Friday, October 14, 2005


Sitting in the dark, writing blind -- you're not with me, but the words are. I chase and catch them like fireflies, to put in my story bottles and toss them into the millions of oceans between us.

Do they reach you, those shimmering bottles that I've made? Sometimes you call out to tell me that you've found them. Do they push back some of the night? Or do you smash them, or let them float away? I'll never know. Only you know if you gather up my bottles in your arms, or stand and watch the tide take them back. Only you see if the dark sands of your shorelines are brightened for a few hours, or littered with useless shards.

We strand ourselves on these islands deliberately, don't we? It's the only way to hunt the elusive light -- alone, silent, in the dark. All this effort for a Crusoe existence, one we often think we would happily trade for a boatload of pearls. Only without the light, pearls become stones, and the boat flounders.

Being here is simple and beautiful, the way life on an island almost always is. We are lonely, but we listen for the voices calling across the waves, and watch what the tide sweeps in. Sometimes we find worn bits of bottles long ago ruined and discarded, still glowing with a little of the color and light they once possessed. We collect those lost gems, worthless to everyone but us.

Storms come, unexpected and ferocious, from any and all directions, as if determined to put out all the light. We ride them out, afraid, hopeful, terrified, defiant. We promise ourselves that the light will return when the wind stops howling and the waves calm. If we're fortunate, another storm won't come until we've picked up and put ourselves back in order. If we're not, we ride the next one, and if enough keep rolling in, we learn to look through the eyes of the storm for the light.

Tomorrow is almost here. You won't be with us, but the words will. We will chase them and catch them in our story bottles, and throw that captured light into the dark unknown. Then we will listen for your voices, and watch the tides as we touch the long strands of sea glass that we wear, our only jewels, our precious talismans.


  1. what a beautiful metaphor for writing....

  2. Anonymous1:50 AM

    That was quite lovely.

  3. Anonymous7:51 AM

    I have a Dark Tower for my writing rather than an island. I dream of oen day casting my spells at the horizon...

    But yes, you brightened my day.

  4. What a beautiful post to begin the day. Thanks, PBW.

  5. May the oceans always be stormy, and may our bottles never sink.


  6. An elegant metaphor.

    I don't know if there's much more to say than that.

  7. It made me teary. That's beautiful, Sheila. :)


  8. Anonymous4:34 PM

    Wow, this is so lyrical, beautiful. It feels like a poem to me, or a song with some tweaking.
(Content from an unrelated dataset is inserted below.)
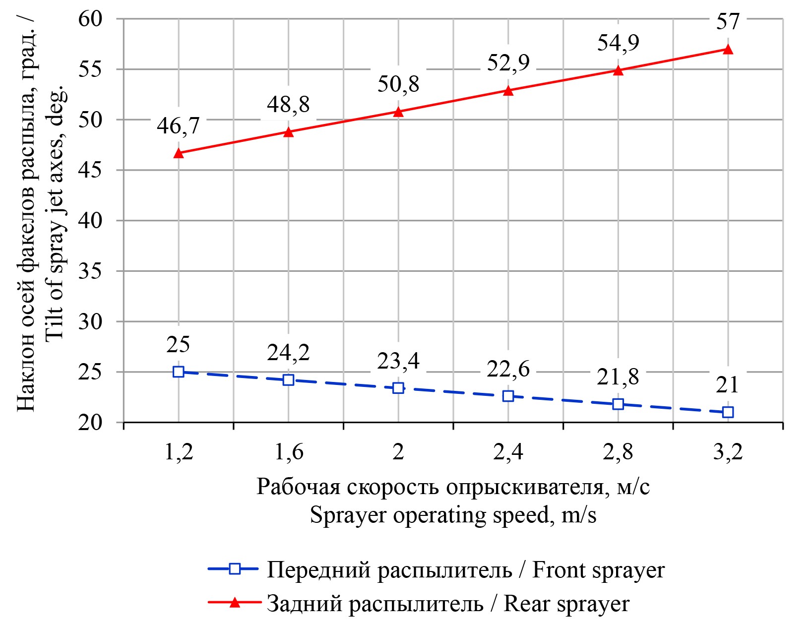 Из их анализа следует, что с повышением рабочей скорости опрыскивателя оптимальный угол наклона к вертикали оси переднего факела распыла α1 уменьшается, а заднего α2 ‒ увеличивается.
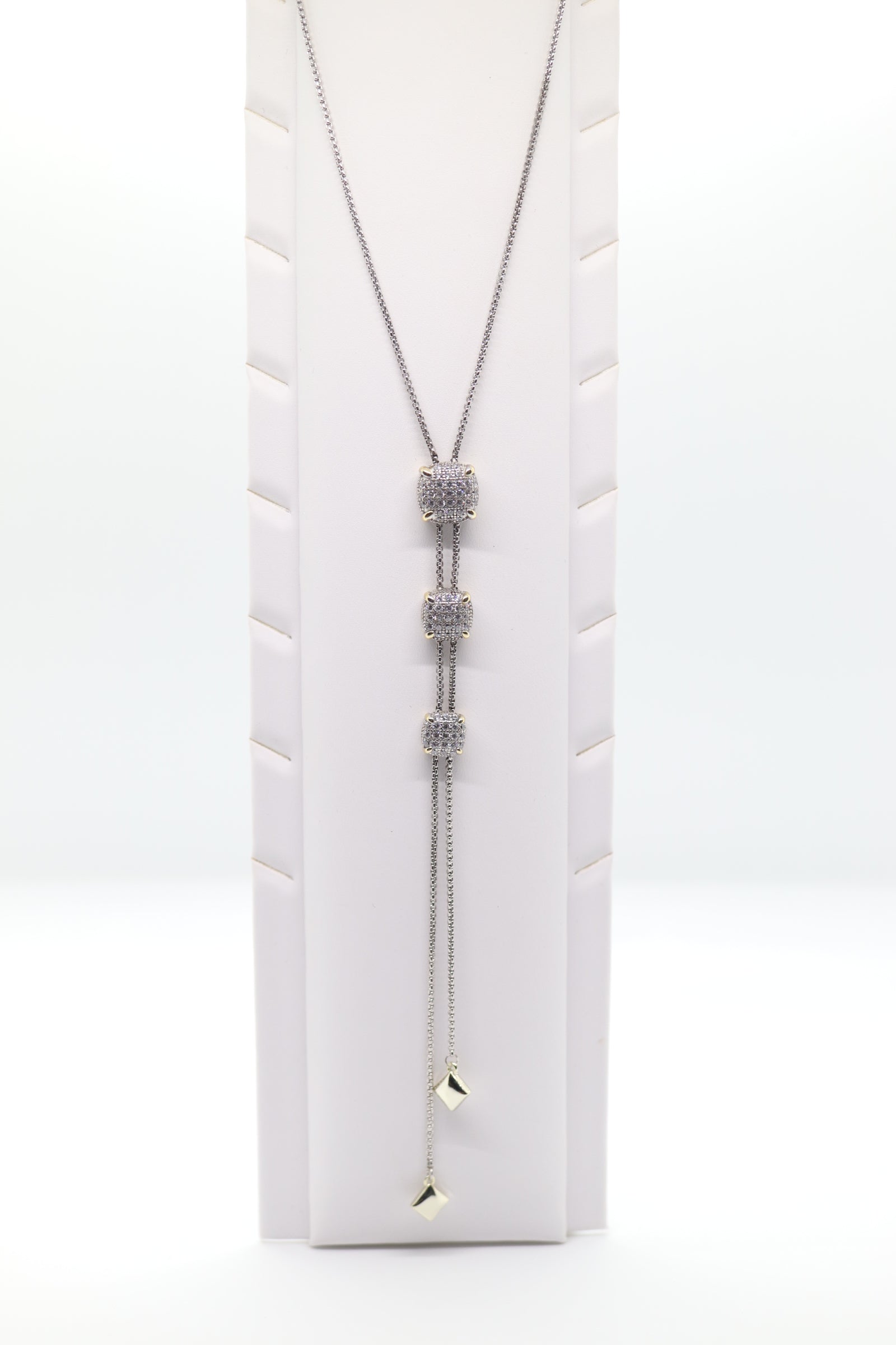 The Graduated Three CZ Station Necklace showcase a sophisticated design with three cubic zirconia stones of increasing size, elegantly set in a vertical line. These sparkling stones are mounted on a sleek, metallic base, offering a refined and glamorous look suitable for both formal and casual occasions.

  9. Words just can't express...

  10. Anonymous8:16 PM

    Now THAT'S writing.


  11. Thank you, that post really helped me.

    So far I've never experienced a total block since I started writing in 2001. Slow times, yes, times when I went in the wrong direction, yes (SF isn't my genre, lol) but I've always written some, or at least done research, outlined etc. Not so those last five weeks. I read a lot, but didn't work on my NiPs except the required edits for my anthology story.

    I faced a storm but failed to see storms are part of our life. I scolded myself for not writing which made things worse. But I had to ride out that storm and watch the dark clouds chasing over me instead of writing. I now understand it was a normal reaction.

    The storm has passed and left behind an empty void only memories can fill.

    The sun is shining outside, sparkling in the cobwebs studded with jewels of dew, brightening the red and yellow leaves of the trees. A light I'll try to catch.

    An idea for a scene: Talorcan, warrior and hunter of the Selgovian tribe, lets escape a deer, moved by the beauty of a perfect autumn day.

    It will probably not make it into the final version, but I feel it will get me back into writing.

    Thank you.

  12. Gabriele wrote: "It will probably not make it into the final version, but I feel it will get me back into writing."

    And, really, that makes it one of the more important scenes you can write-- the scene that primes your pump and brings back your writing. Be it a trickle or a gusher, may it sustain you.